The brown color you are getting may bee from iron discoloration. Having metal ions in your conc. sulfuric acid can give real problems in some reactions. For other uses, it may turn out OK. As far as purifying sulfuric acid, you have to do all that work while it's dilute. After it's concentrated, what you see is what you get.
The charcoal cleaning is also best done at the dilute stage. Float your charcoal in water, and use only the bigger stuff that settles first --- you've got to filter that. Sometimes you may have luck in filtering cold battery acid thru paper, if you do it FAST before it eats the paper. Generally, though, you filter sulfuric acid thru glass.
You used a beaker, I would use a casserole for more exposure to the air. Working always outside, I'd heat it (below boiling) down to ~1/3 volume. My rule of thumb was to heat it until it stopped steaming and started smoking. You can see the difference. 93-95% should serve for most applications, at that strength it will char sugar or paper. To get 98%, you'll need to use a water aspirator. Just heat to get the water out, don't try to raise a boil. Don't sacrifice your vac pump for this. And no, you won't distill sulfuric acid. Just forget that notion.

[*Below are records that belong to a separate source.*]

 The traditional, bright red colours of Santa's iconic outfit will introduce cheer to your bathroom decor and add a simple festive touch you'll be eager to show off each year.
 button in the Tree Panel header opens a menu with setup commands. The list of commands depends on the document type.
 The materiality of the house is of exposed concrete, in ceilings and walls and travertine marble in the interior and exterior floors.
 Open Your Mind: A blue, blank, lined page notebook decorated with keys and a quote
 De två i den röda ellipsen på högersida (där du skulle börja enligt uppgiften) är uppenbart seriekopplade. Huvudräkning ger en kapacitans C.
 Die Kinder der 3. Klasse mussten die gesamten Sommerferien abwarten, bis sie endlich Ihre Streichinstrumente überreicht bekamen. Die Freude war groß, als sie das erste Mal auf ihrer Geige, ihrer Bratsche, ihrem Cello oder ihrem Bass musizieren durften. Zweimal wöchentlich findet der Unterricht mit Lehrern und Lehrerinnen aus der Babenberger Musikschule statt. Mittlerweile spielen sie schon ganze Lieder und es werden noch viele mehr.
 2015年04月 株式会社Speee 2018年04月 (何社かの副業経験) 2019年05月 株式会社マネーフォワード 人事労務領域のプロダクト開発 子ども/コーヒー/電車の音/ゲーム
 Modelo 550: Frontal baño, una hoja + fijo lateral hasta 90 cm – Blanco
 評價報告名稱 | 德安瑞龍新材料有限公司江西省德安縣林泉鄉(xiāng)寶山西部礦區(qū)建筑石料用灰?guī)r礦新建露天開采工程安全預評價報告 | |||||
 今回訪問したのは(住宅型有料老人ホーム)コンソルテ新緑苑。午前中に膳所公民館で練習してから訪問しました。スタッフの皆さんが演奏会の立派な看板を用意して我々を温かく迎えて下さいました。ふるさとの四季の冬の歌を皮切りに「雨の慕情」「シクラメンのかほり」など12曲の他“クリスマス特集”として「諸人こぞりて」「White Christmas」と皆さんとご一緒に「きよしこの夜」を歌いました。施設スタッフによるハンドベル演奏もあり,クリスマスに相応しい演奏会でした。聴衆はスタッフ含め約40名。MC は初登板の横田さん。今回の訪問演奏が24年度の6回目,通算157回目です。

A beaker down, and a barrel to go? Gives you lots of incentive to get that brown stain out. Assuming it's in your acid source, and not a result of processing. There must bee something, acid insoluble, which can be added to flocculate your impurity out of the 30% acid. Can't think of it right now. You can try Ca(OH)2, to precipitate out calcium sulfate, but I doubt you could hook much of your impurity that way. Good luck anyway.